DAVID GURA (HOST): Help us understand why this is of such keen interest to you and what’s going to be happening down in Washington on Tuesday.
LAVERNE COX (ACTOR): Well, I believe this is probably the most significant case for LGBTQ rights that the Supreme Court will hear in my lifetime, probably even more important than Obergefell because it has implications not just for LGBTQ people in the workplace, but for everyone in the workplace. And it has -- it can have significance in health care, in housing. A year ago, The New York Times wrote a story that basically said this administration wants to define transgender folks out of existence. And there was a leaked memo from the Department of Health and Human Services that said we want to define gender and sex as a very specific thing that basically takes transgender people out of legal protections.
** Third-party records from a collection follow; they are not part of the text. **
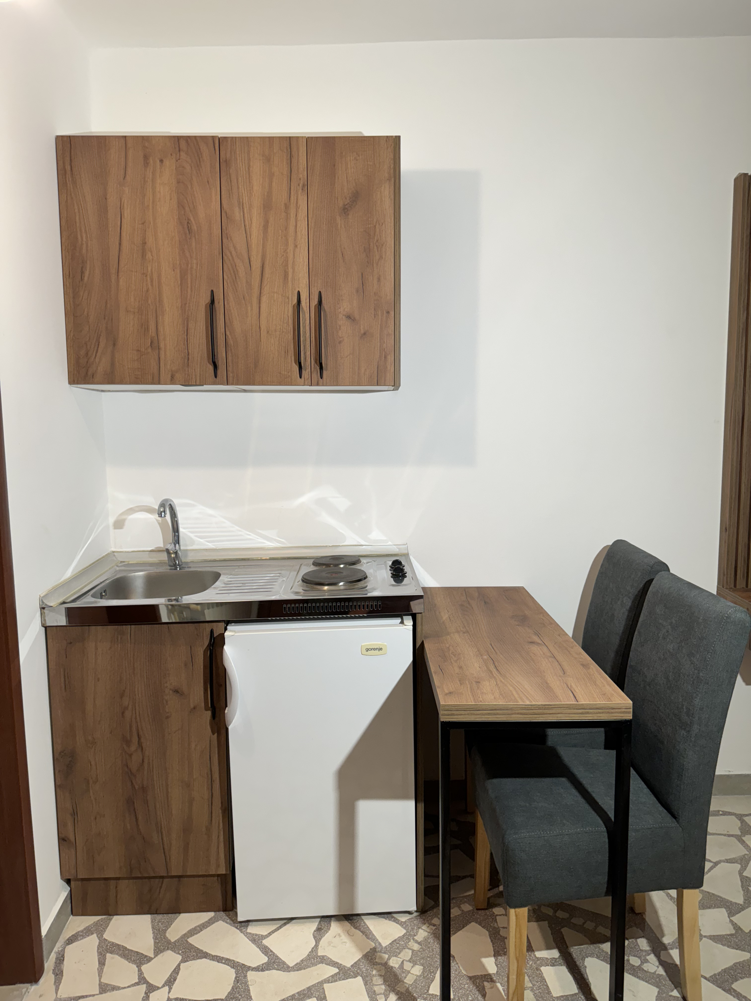 Die Kombination aus rustikalem und modernem Einrichtungsstil unterscheidet diese Wohnung von den anderen beiden. Das Studio-Apartment verfügt über eine Küche mit der notwendigen Ausstattung, ein Badezimmer und ein Zimmer mit Esstisch und Stühlen sowie einen Ruhe- und Schlafbereich. Die maximale K...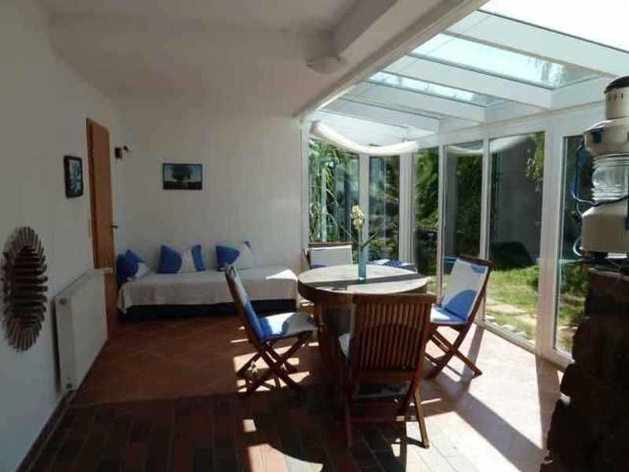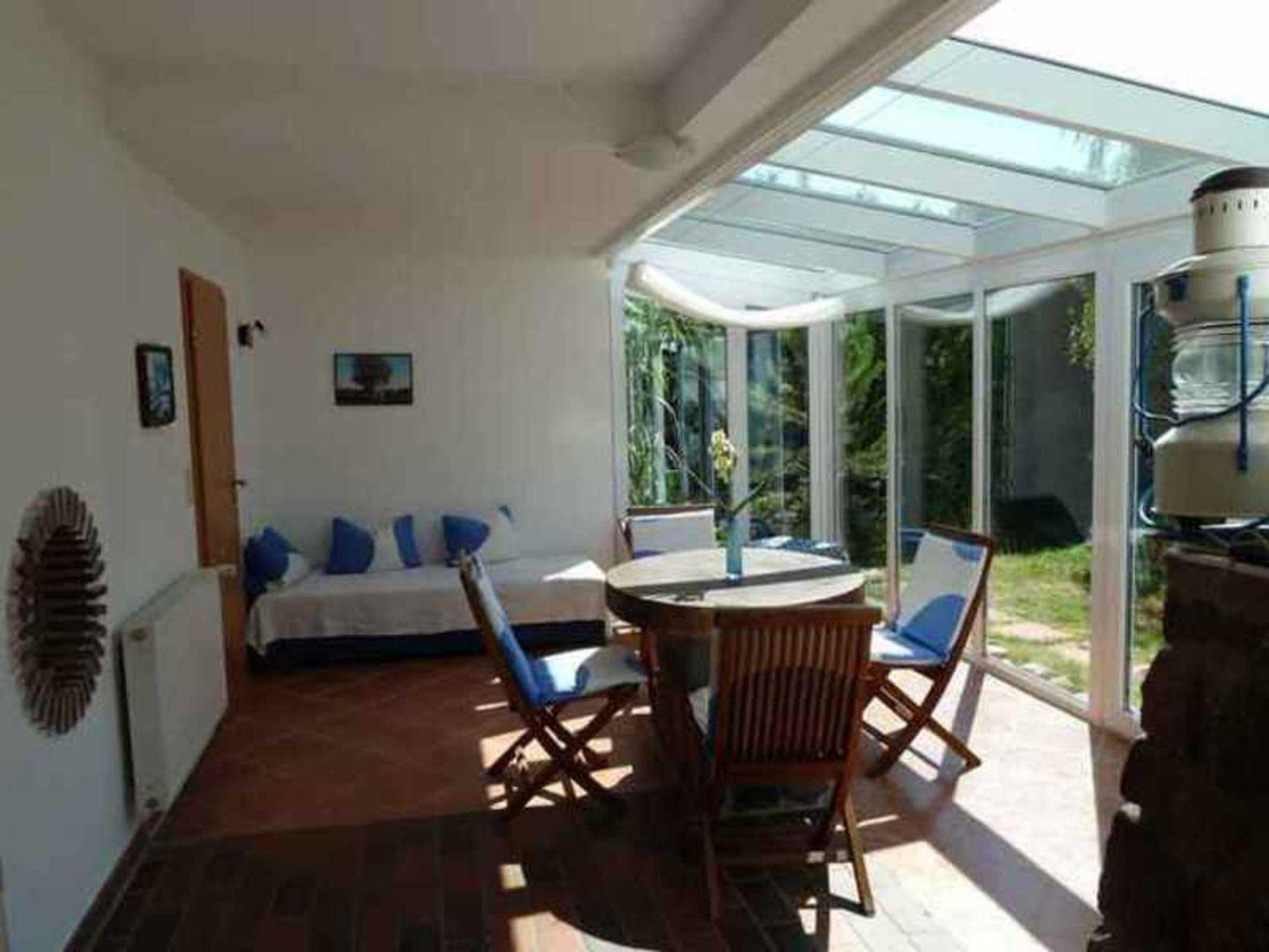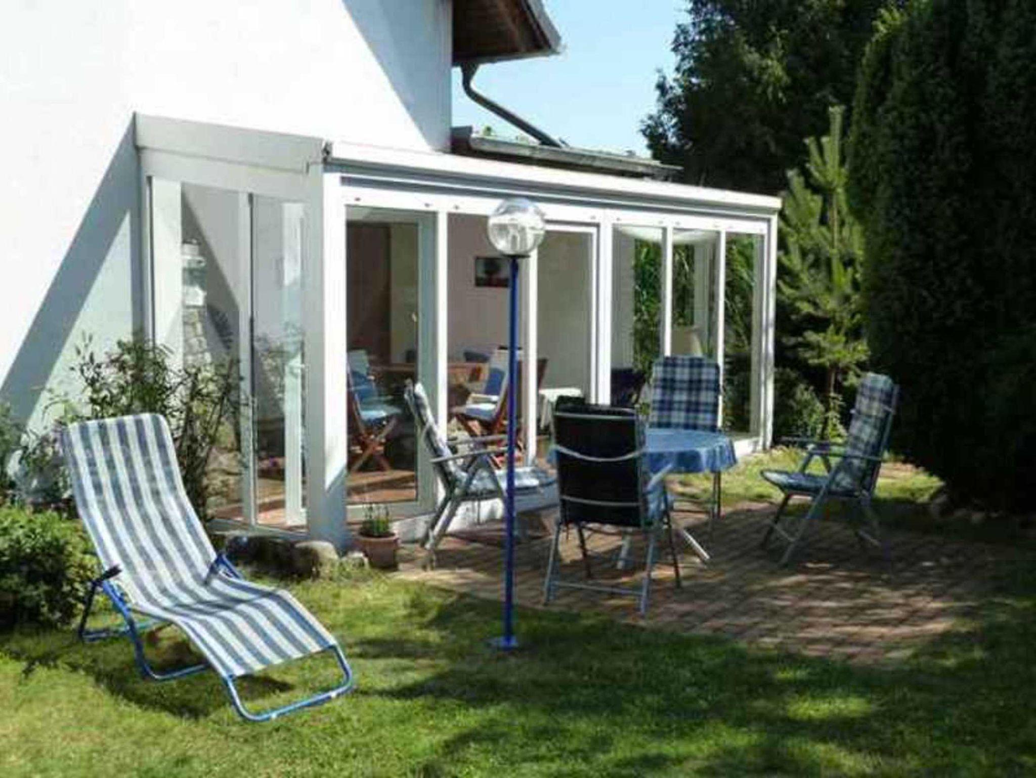 Die Ferienwohnung hat einen Wohnraum (mit TV, Radio, gemütliche Sitzgruppe) und ein Schlafzimmer mit einem Doppelbettt. Wir haben einen wunderschönen großen Wintergarten, der nach Süden ausgerichtet ist. Vom Wintergarten haben Sie einen direkten Zugang in den wunderschönen Garten, der von außen nicht einsehbar ist und nur von Ihnen genutzt wird. Im Garten steht ein Strandkorb für ausgiebige Sonnenbäder zur Verfügung.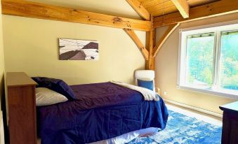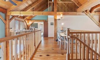 The primary bedroom is a true oasis, boasting a king-size bed, its own fireplace, and breathtaking views of the lake. Wake up to the gentle sounds of nature and start your day in the most peaceful way possible. The en-suite bathroom offers a luxurious experience with a large walk-in shower and a soaking tub, providing a perfect spot for relaxation and rejuvenation.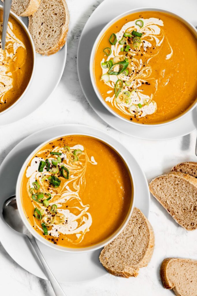 A comforting, colourful soup made from roasted squash and peppers, blended until silky-smooth with miso and plant milk — perfect for chilly days and light suppers.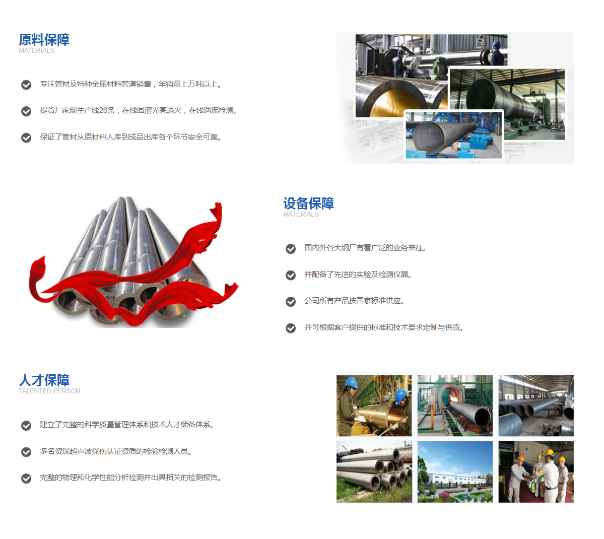 山東鑫盛鑫鋼鐵有限公司是一家專業銷售:無縫鋼管,合金管,異型管,精密管,圓鋼,軸承鋼的大型無縫鋼管廠廠家。可定做,多種規格,多種型號的無縫鋼管。另常年兼營成都、包鋼、冶鋼、魯寶、鞍鋼、安陽、洪都、天津等幾大鋼廠的國產進口的無縫鋼管、無縫管、流體鋼管、直縫焊管,經營品種多、規格齊全,保質保量,常年庫存保有量7000噸以上。所售產品均執行國家標準,適用于工程、煤礦、紡織、電力、鍋爐、機械、軍工等各個領域。公司始終堅持“公正、客觀、科學、誠信”的經營原則,重合同、守信譽、保質保量、按期交貨”。多年來公司憑借良好的信譽、優質的產品、低廉的價格享譽全國30多個省、市、自治區,產品出口歐洲、南美等十多個國家,深得用戶信賴!  常備材質:20#、45#、20G、16Mn、27SiMn、12Cr1MoVG、15CrMo、T91、10CrMo910、STFA25(P5)、STFA26(P9)、P11、P12、A335P91、A335P92、WB36[15NiCuMoNB5]、鋼研102(12Cr2MoWVTiB)等。執行標準為:結構管GB8162-1999、流體管GB8163-1999、低中壓鍋爐管GB3087-1999、液壓支架管GB17396-1999、高壓鍋爐管GB...

The first thing that this administration did in 2017 when they came into office was rescind rights for transgender kids in schools, the trans military ban. Earlier this year, the Department of Health and Human Services said they wanted to discriminate against trans people in health care. HUD wants to discriminate against us in homeless shelters. And this Supreme Court case is another example of this administration targeting trans folks. And so -- and not just trans people; LGBTQ people in general. And so the stigma -- how deeply we are stigmatized and dehumanized leads to this epidemic of murders against us and leads to us not being able to get jobs. Our unemployment rate is three times the national average, four times that for trans people of color. When we can't get jobs, we're pushed out of the work force and forced into situations that expose us to more violence.
GURA: Chase, pick up on that, how pivotal this is going to be and what it says about labor in this country today. Antonin Scalia’s son just sworn in as the next head of the Labor Department, what is this going to mean for workplace dynamics, the outcome of these cases that are being argued this week?
CHASE STRANGIO (ACLU LGBT AND HIV PROJECT, STAFF ATTORNEY): Yeah, I mean, I think what I really want people to understand is this absolutely has a transformative effect on the American workplace and on civil rights laws as a general matter --
GURA: Across the board.
STRANGIO: Across the board. So we really have to see this as part of a long-term strategy to chip away at civil rights protections for everyone. And when the court hears arguments on Tuesday, the Trump administration and the employers are going to be making two central arguments. One is that LGBTQ people aren't covered. That it's not sex discrimination to fire us for who we are. And if I could just take a second to explain why it is --
GURA: Please, yeah.
STRANGIO: -- so clearly sex discrimination. I would like to do that, which is, let's say you fire me because I'm transgender. So you fired me for one of two reasons. Maybe you fired me because you see me as a man but I'm not the right kind of man. You're like, "Oh, you're a little bit effeminate, or you were assigned female at birth and that's just not what we think a man is." That is sex discrimination. Alternatively, maybe you fired me because just for the simple fact that I was assigned female at birth. That is also sex discrimination. And it’s so plainly sex discrimination that the only way that the Trump administration and the employers can urge the court to rule against us is to roll back sex discrimination protections for everyone -- and so what they want is a rule where it is lawful to enforce sex stereotypes in the workplace as to everyone, which has been the very way that we have transformed the American workplace away from the Mad Men dynamics, away from pushing women -- all women -- out of the workplace. So the stakes could not be higher.